BY BETH KAISERMAN
Food historian Francine Segan gives lectures at 92Y and throughout the city. This time, some very special friends helped her discuss her favorite region in Italy, Ascoli Piceno, or what Segan calls the “undiscovered Italy.”
The town boasts mountains, a beautiful riviera, great food and wineries, Segan said. To provide the freshest possible taste of the town, Chef Emilio Pasqualini flew in to prepare foods for the evening. Segan experienced an amazing meal at his restaurant, Cantina del Picchio, where she had many Italian foods she had never tried before.

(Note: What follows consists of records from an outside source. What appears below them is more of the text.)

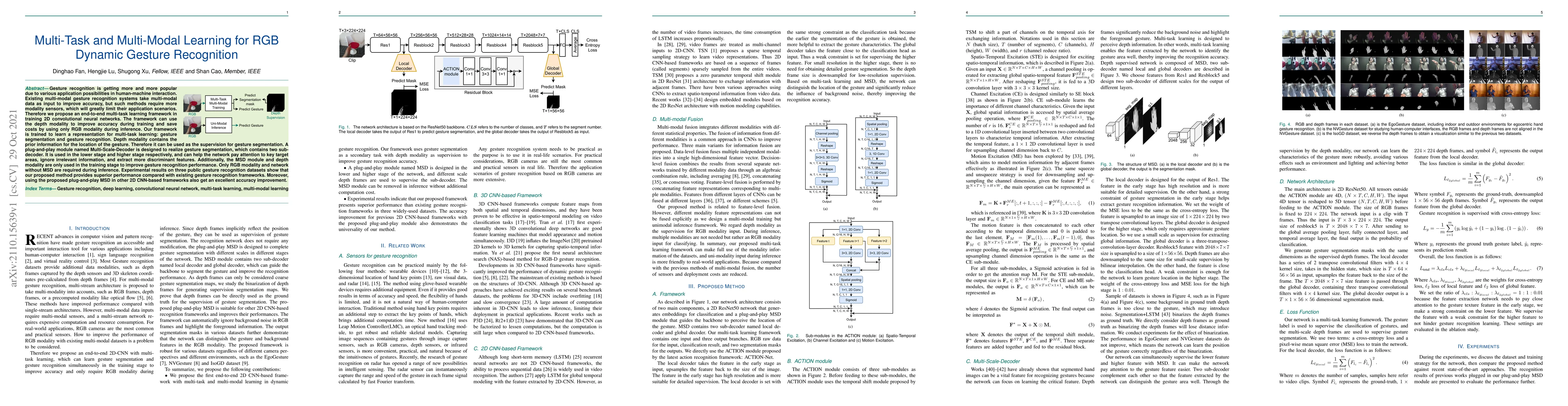 The paper proposes an end-to-end multi-task and multi-modal learning framework using 2D convolutional neural networks for RGB dynamic gesture recognition. It utilizes depth modality for improved accuracy during training and only RGB modality during inference, focusing on gesture segmentation and recognition.
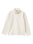 Benetton Rib Knit Mock Turtleneck Wool Blend Vest, White
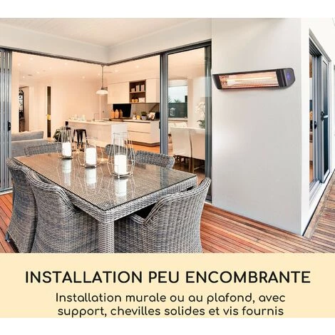 Le radiateur infrarouge blumfeldt Smartwave se monte facilement au mur et n’encombre donc pas le passage, en chauffant rapidement et efficacement d’en haut avec une puissance de 2400 watts. Grâce à la technologie infrarouge, la chaleur est ciblée sur les personnes qui se trouvent à proximité du chauffage au lieu de simplement réchauffer l’air ambiant. Avec la télécommande pratique, il est possible de régler le thermostat numérique en quelques secondes à une température comprise entre 5 et 45 °C, en fonction de vos besoins, par exemple, pour éviter le gel en hiver ou pour procurer une agréable chaleur lors des soirées plus fraîches. Organisez des soirées, des fêtes dans le jardin ou dans un garage sans vous soucier de la température, car en basculant simplement l’interrupteur, une chaleur agréable et douillette se fera instantanément ressentir sans préchauffage nécessaire. L’effet lumineux des tubes infrarouge en carbone est réduit au minimum afin de ne pas éblouir durant vos soirées. Le capteur corporel est particulièrement pratique car le chauffage se met en route s’il détecte des personnes à proximité et s’éteint lorsque ces dernières se sont éloignées.
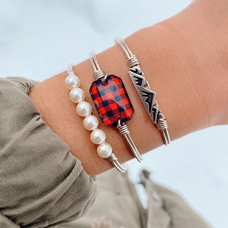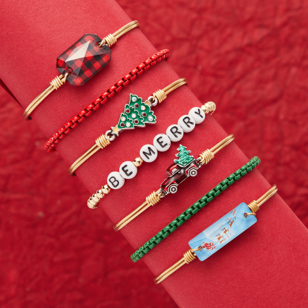 Our seasonally inspired, digitally-printed Red Plaid Dylan Bangle is the perfect accessory to your compliment your holiday hostess lifestyle.
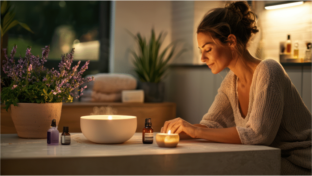 - Światło i zapach. Zamiast ostrego górnego światła — jedna lampka o ciepłej barwie. W tle jeden zapach (roślinny lub cytrusowy) — stały aromat kojarzony z relaksem działa jak przełącznik „trybu odpoczynku”. Pamiętaj o bezpieczeństwie świec i krótkim wietrzeniu po zakończeniu.
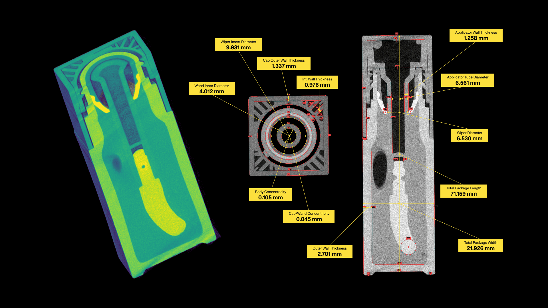 2D dimensioning works on any CT scan in Voyager. Pull a full-resolution slice from any location, mark the features you want to measure, and let the tool auto-detect lines, circles, peaks, and intersections. Manual refinement controls ensure each capture is exact. From those features, the full range of dimensional measurements can be extracted, giving engineers the evidence they need to make confident decisions about part quality. All results can be visualized and exported alongside the rest of your inspection data.
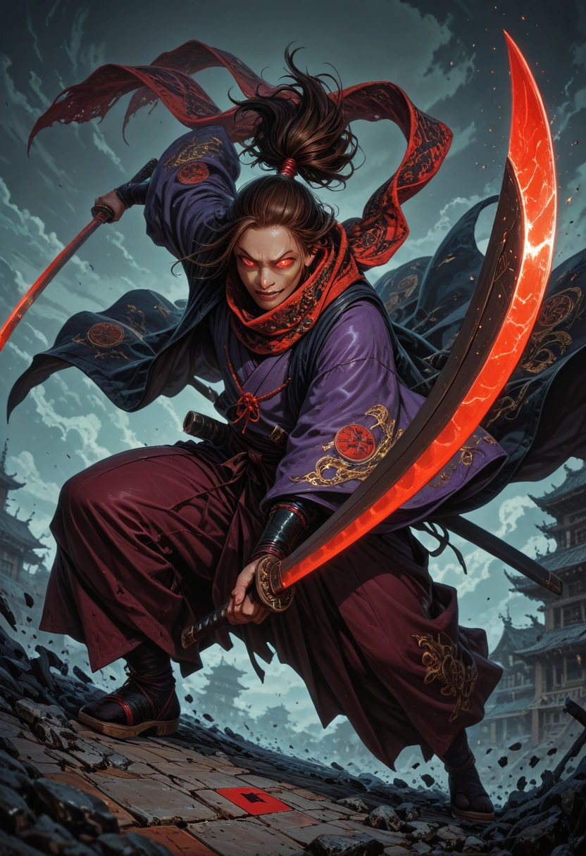 giant, horns, shield, shield on back, horseback riding, riding, from behind,

On his trip here for the lecture, Pasqualini brought so many olives that Segan couldn’t fit all of them in her refrigerator. The night began with stuffed, fried olives and sparkling wine from wine company Velenosi. Pasqualini also assembled a vegetable pasta with string beans, mushrooms, garlic and fennel. After cooking each veggie separately in Segan’s apartment, the fennel water was used to create a bechamel sauce, and the dish was topped with delicious mozzarella and pecorino. The mozzarella was incredible — it had an amazing, just-salty-enough bite to it. There was also a tasty cheese bread (known there as “pizza”) and a tuna focaccia.
The proof was there in liquid form, too, as representatives from seven of the region’s wineries brought an assortment of wines for guests to taste. These wines use the least amount of sulfites possible, Segan said. (And apparently don’t cause hangovers!)
Piero Celani, President of the province, was there as well, truly showcasing the pride locals have for their home.
So what good eats did Chef Pasqualini enjoy here after trekking across the ocean with all those olives? Pizza, no. He laughed at the thought of it. But a burger from Shake Shack and a Tsunami dog from Crif Dogs hit the spot. He was impressed with the balance of flavors; it was still fast food, but had something more to it, he said.